One of the most surprising recent discoveries concerns the sleep needs of adolescents. For years they were urged to get eight hours, the same as adults. No longer. Teenagers appear to require more than 9 1/2 hours. Carskadon found that to be the case when she studied a group of children every summer for seven years, from the time they were ages 10 to 12 until they turned 17 to 19. During the experiments, the youngsters got 9 1/2 hours of sleep each night. In the beginning years of the study, they experienced no problems during the day, but after they reached puberty there was an increase in daytime sleepiness.
Teenagers who are struggling to juggle demanding academic schedules, friendships and dating, and sometimes afterschool jobs, are horrified by the idea of nine-plus hours of sleep. "My God, how would I have time to do anything?" protests Kimberly Erlich, 15, of Van Nuys, Calif. "That would mean going to sleep at 8 p.m. I can't imagine that." Kimberly tries to get at least seven hours.

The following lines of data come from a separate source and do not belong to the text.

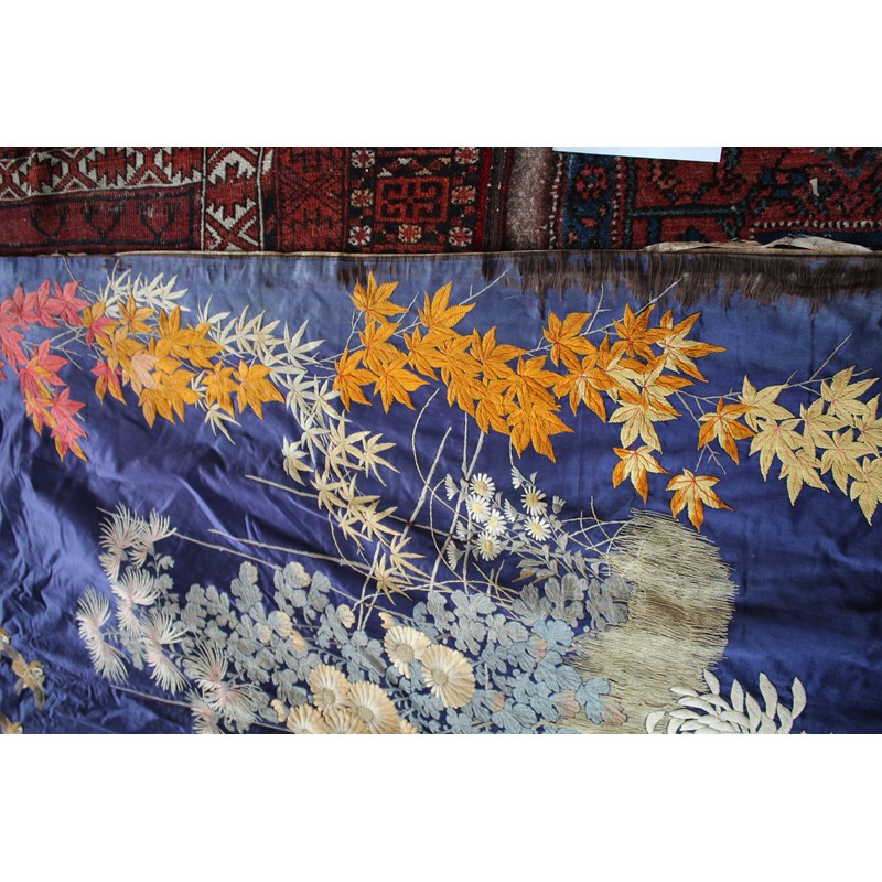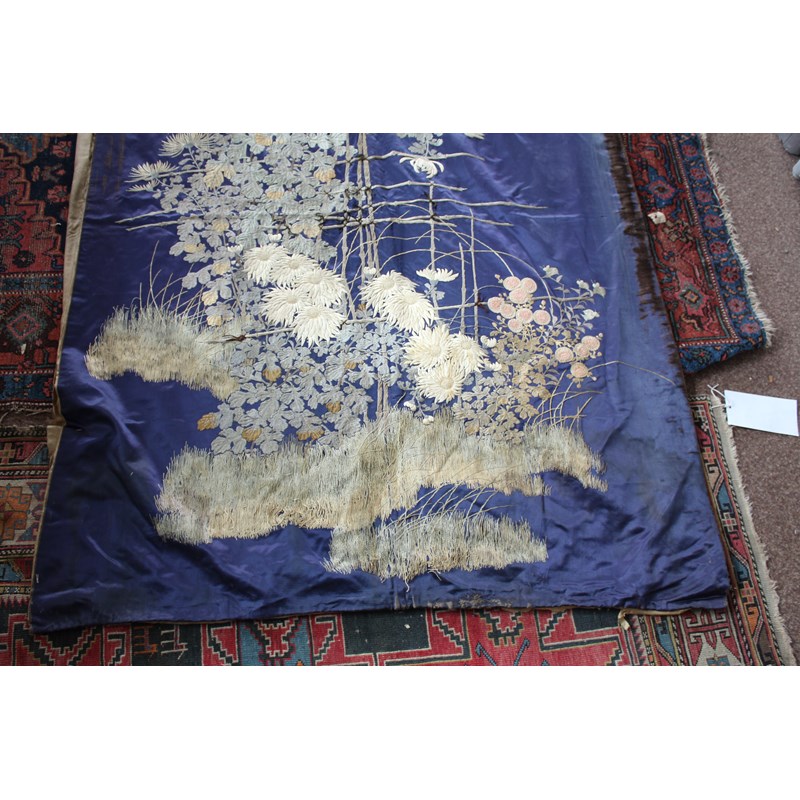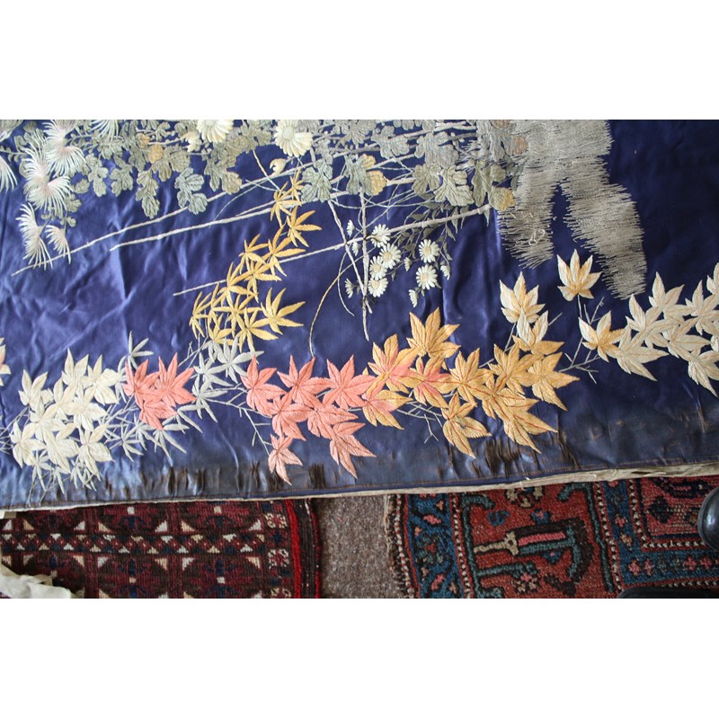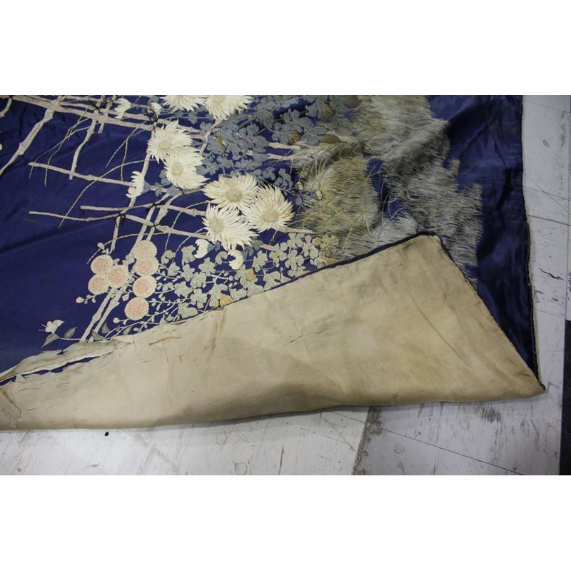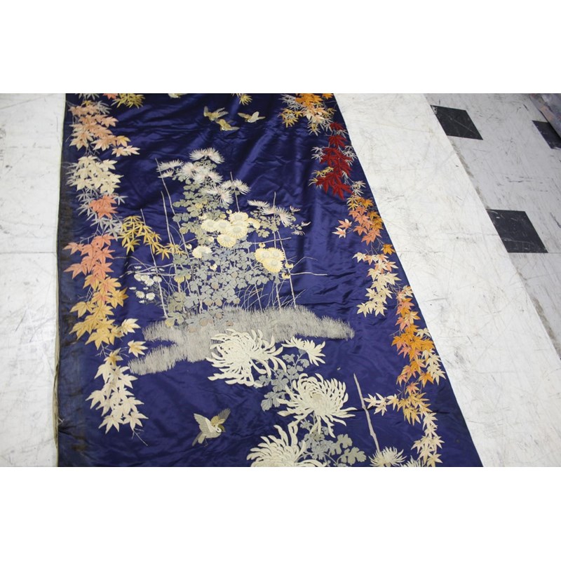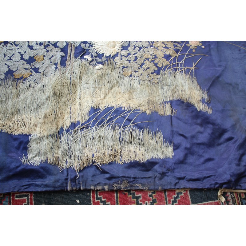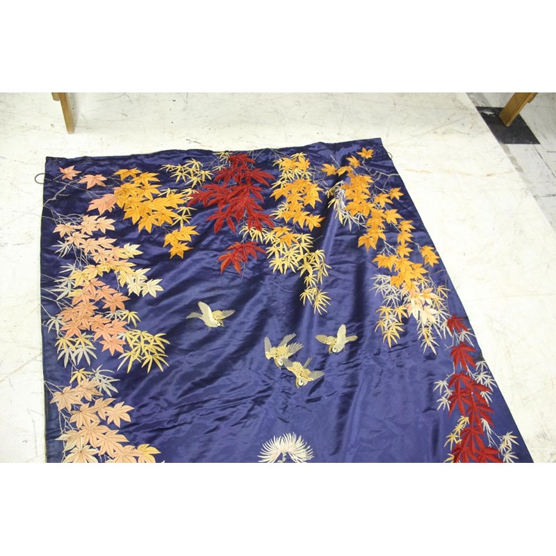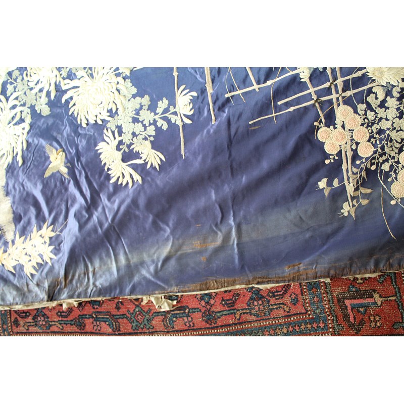 late 19thc, two very similar large dark blue silk wall hangings, embroidered with a central design of flowers, leaves and birds in flight, worked in white, pale pink, grey and pale blue's. The border with a colourful trailing leaf design, worked in orange, yellow, red and gold. Some fading to the edges of the hangings, and some damage to the backing fabric. 313cms by 114cms. (2)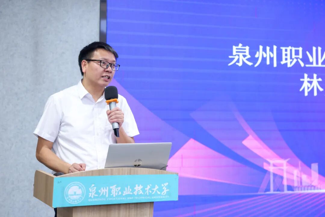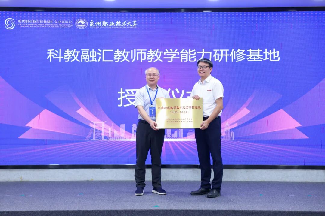 ▲ 泉州职业技术大学被授予“科教融汇教师教学能力研修基地”,现代职业教育科教融汇专委会主任单位代表、常州纺织服装职业技术学院党委书记吴访升向副校长林文艺授牌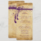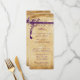 Menu de Casamento Vintage Medieval Renascença Rústico com Elementos Roxos em um design de papel desgastado. celeiro rústico de fazenda no quintal, roxo e bege marrom caramelado

Others appear to be getting even less. And that is interfering with their ability to learn, contend teachers, who say they are confronting more and more draggy pupils, even in elementary school. Sleepy youngsters are arriving late to class, forgetting assignments, moving at a snail's pace from task to task, and sometimes dropping their head on their desk to catch a few winks.
College students are notorious for nodding off in class and hibernating on weekends. Phil Simon, a 20-year-old junior at the University of Oregon in Eugene, is not unusual. During the week, he rises anytime between 7:30 a.m. and 11, depending on his classes, and retires sometime between 1 a.m. and 2:30. He naps whenever he gets a chance, but that does not always work well. "A few weeks ago," he recalls, "I had a break between two morning classes, so I slept. But when I woke up, the morning class I had attended felt like it never happened. It seemed more like a dream." On weekends he heads for bed at 3 a.m. and doesn't get up until 1 p.m.